Report: French judge wants to probe Guantanamo torture claims

Carol Rosenberg - Miami Herald

January 17, 2012 02:02 PM

GUANTANAMO BAY NAVY BASE, Cuba — A French judge is seeking U.S. permission to visit the prison camps here to investigate claims by former French inmates that they were tortured, the Associated Press reported from Paris on Tuesday.

The AP reported that it saw a formal international request from investigating judge Sophie Clement to U.S. authorities to see the prison here that Tuesday held 171 captives, none of them French citizens. Clement also seeks copies of all documents relating to the arrest and transfer of three Frenchmen who were held there.

The three men are Nizar Sassi, now 31, Mourad Benchellali, now 30, and Khaled Ben Mustapha, now 40. They were arrested on the Afghanistan-Pakistan border in late 2001 and transferred to Guantánamo.
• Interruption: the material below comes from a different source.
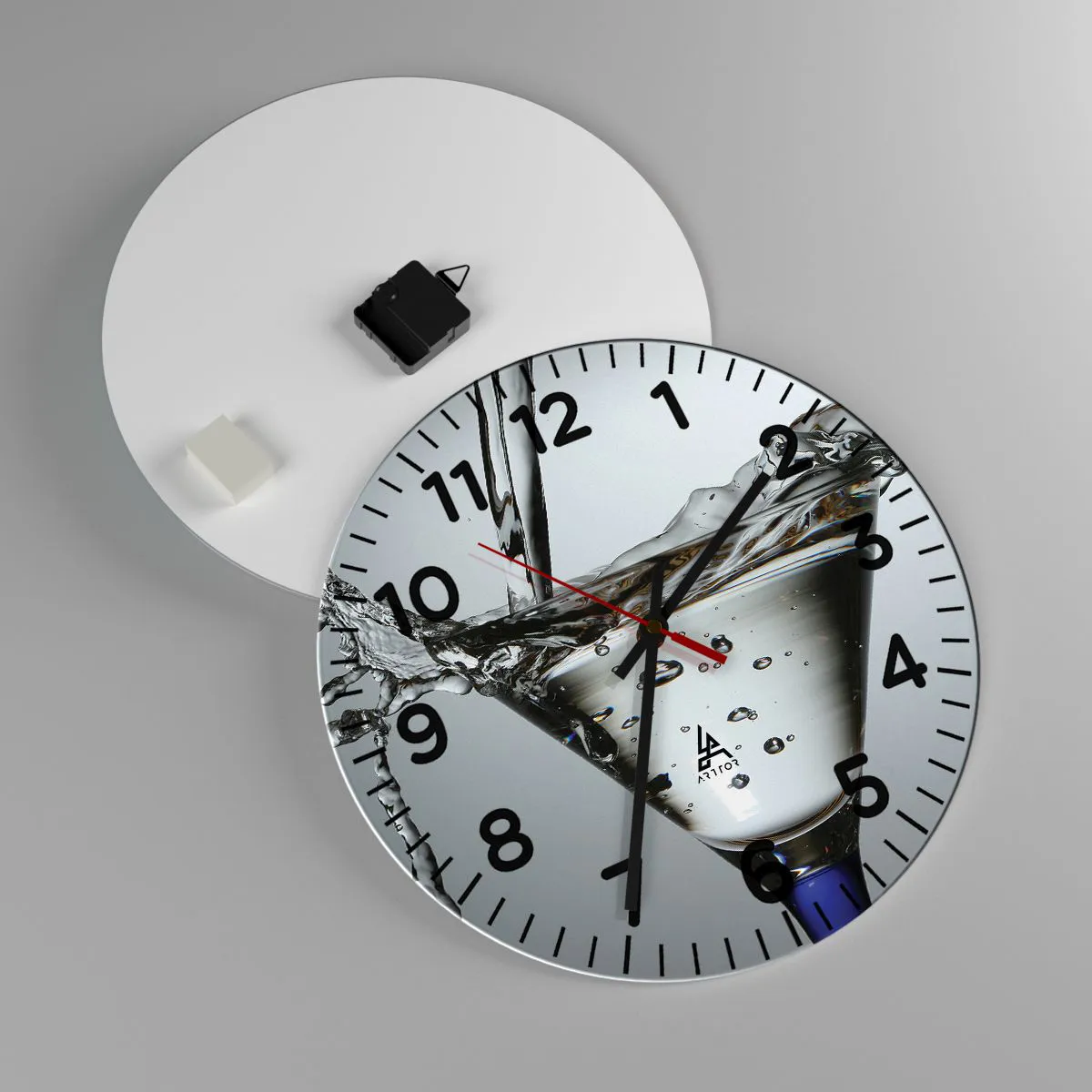 El reloj está vidrio con un espesor de 4mm. La tecnología de fabricación cumple con la clase de seguridad 2B2 según la normativa PN-EN 12600:2004 que garantiza la resistencia al impacto. El reloj de cristal está listo para ser instalado en la pared, tiene un colgador de metal fijado en la parte posterior del reloj y un espaciador de espuma para regular la distancia entre el reloj y la pared. El reloj tiene un mecanismo de flujo silencioso que funciona con una pila de 1,5 V - AA (pila no incluida).

They were sent back to France in 2004 and 2005, held for a time for trial there, but then released.

The men told the judge during questioning in France that they were subject to violence including torture and rape during their detention.

At Guantánamo, a Pentagon spokesman, Army Lt. Col. Todd Breasseale said it was not immediately known whether U.S. officials had received the request.

The request is the third indication in less than a week that international authorities have renewed their interest in the legality of Bush-era policies on the treatement of war-on-terror captives. On Friday, a Spanish judge decided to go forward with torture investigations involving four other former Guantanamo captives now living in Europe, one day after British authorities said they would probe British links to a CIA-organized rendition program that delivered opponents of now dead Libyan leader Moammar Gadhafi to Libya, where they allege they were tortured.